Cumhuriyet Halk Partisi (CHP) Genel Başkanı Kemal Kılıçdaroğlu, partisinin grup toplantısında konuştu.
İktidarın sık sık yaptığı “yerlilik ve millilik” vurgusunu hatırlatan Kılıçdaroğlu, “Garantilerin tamamını dolarla yapıyorsun. Araba geçecek köprüden dolarla, araba geçecek tünelden euro’yla. Gayrı milli ve gayrı yerliler bunlar. Yerlilikle, millilikle en ufak alakaları yok” dedi.

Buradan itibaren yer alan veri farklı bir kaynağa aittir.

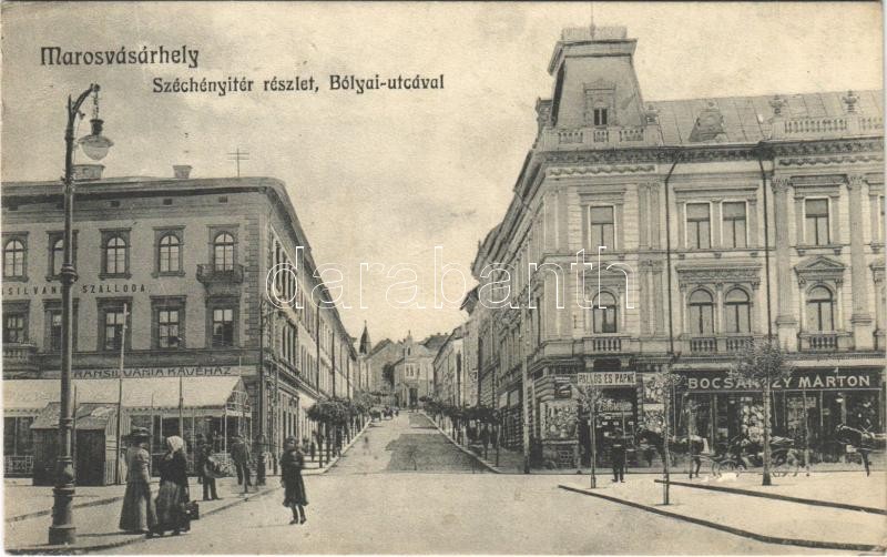 1912 Marosvásárhely, Targu Mures; Széchenyi tér, Bólyai utca, Transilv... https://www.darabanth.com/de/412-Fernauktion/412.0/Ansichtskarten/Siebenburgen~2000007/1912-Marosvasarhely-Targu-Mures-Szechenyi-ter-Bolyai-utca-Transilvania-szalloda-es-kave~II2305482

“Bizi dolarla terbiye edemezler” diyen Erzincan Milletvekili Süleyman Karaman’a yanıt veren Kılıçdaroğlu, “Allah aşkına TC vatandaşlığını dolarla satana ne denir ya? Sen dolarla vatandaşlık satıyorsun. Seni terbiye etmişler ve sen evet demişsin buna, el kaldırmışsın. TL milli paramızken dolarla, euro’yla ihale yaptılar. Müteahhit Türk, para yabancı para. Demek ki seni terbiye ettiler. Neyle terbiye ettiler? Dolarla, euro’yla terbiye ettiler” diye konuştu.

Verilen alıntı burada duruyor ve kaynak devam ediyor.